Recorded data
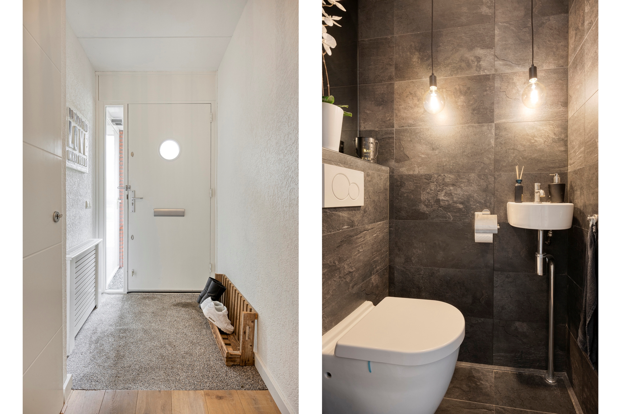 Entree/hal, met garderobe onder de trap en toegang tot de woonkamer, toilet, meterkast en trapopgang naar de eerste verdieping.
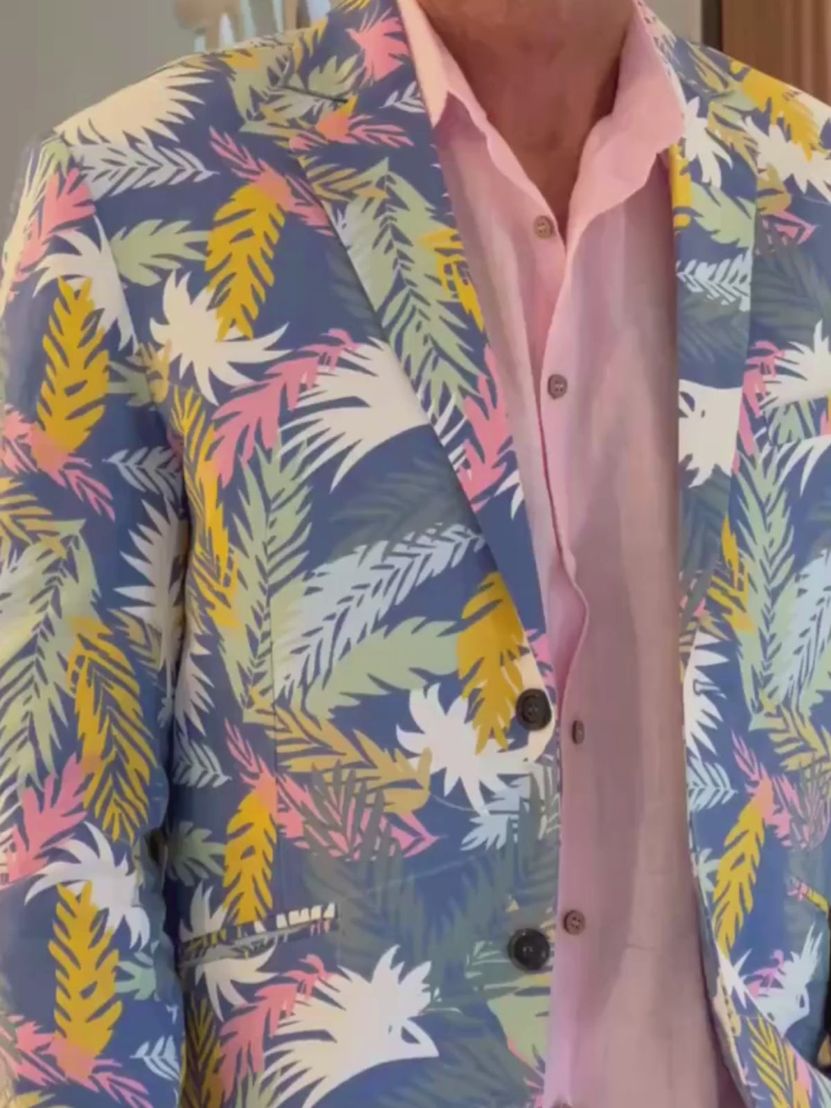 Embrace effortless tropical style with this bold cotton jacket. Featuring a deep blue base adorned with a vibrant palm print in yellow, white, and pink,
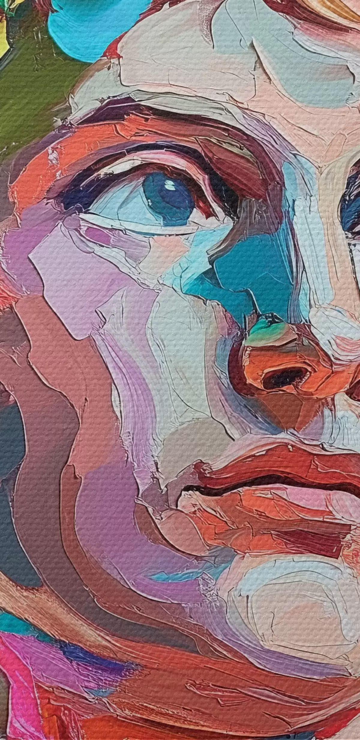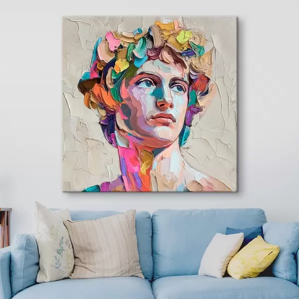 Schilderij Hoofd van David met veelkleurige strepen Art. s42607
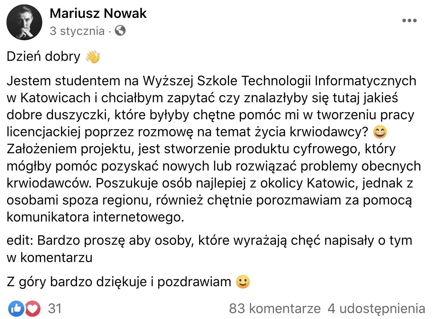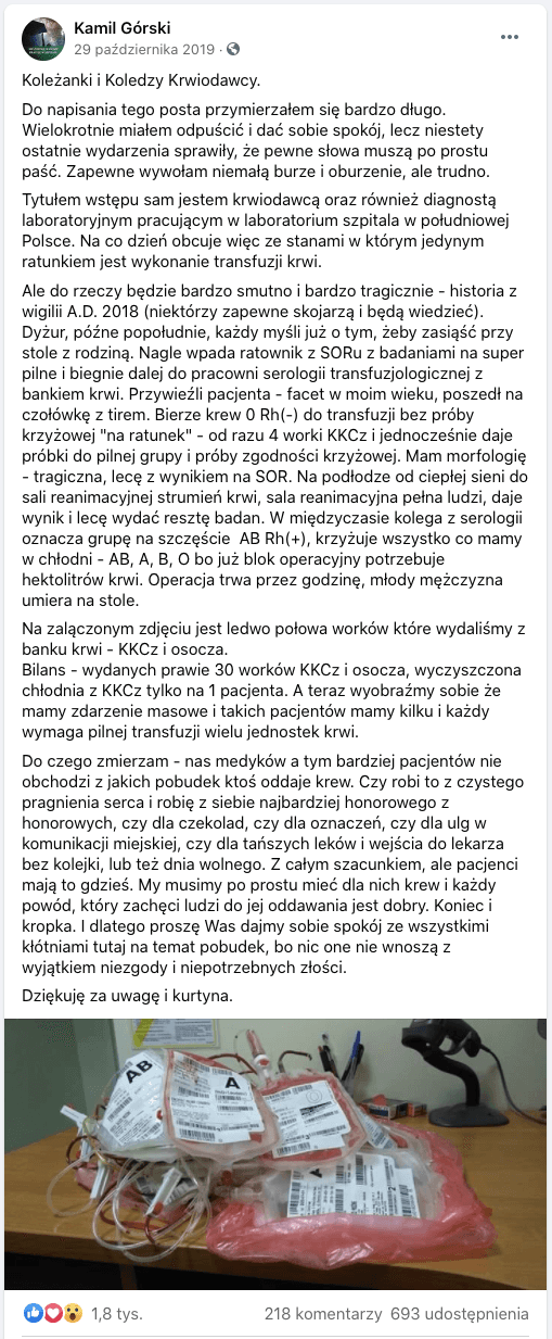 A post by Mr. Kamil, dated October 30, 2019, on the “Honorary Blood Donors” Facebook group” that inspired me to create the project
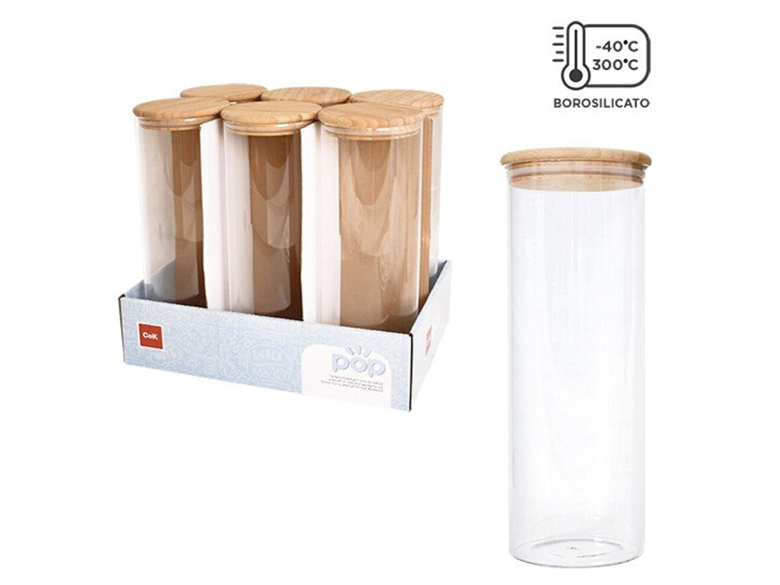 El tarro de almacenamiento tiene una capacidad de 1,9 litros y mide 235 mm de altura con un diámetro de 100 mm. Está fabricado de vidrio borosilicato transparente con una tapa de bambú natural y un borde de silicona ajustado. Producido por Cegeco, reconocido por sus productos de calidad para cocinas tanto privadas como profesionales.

* Work item *
Print, with pictures removed, exactly the lines of the records above from the top through the line containing "A post by Mr.".

* Task response *
 Entree/hal, met garderobe onder de trap en toegang tot de woonkamer, toilet, meterkast en trapopgang naar de eerste verdieping.
 Embrace effortless tropical style with this bold cotton jacket. Featuring a deep blue base adorned with a vibrant palm print in yellow, white, and pink,
 Schilderij Hoofd van David met veelkleurige strepen Art. s42607
 A post by Mr. Kamil, dated October 30, 2019, on the “Honorary Blood Donors” Facebook group” that inspired me to create the project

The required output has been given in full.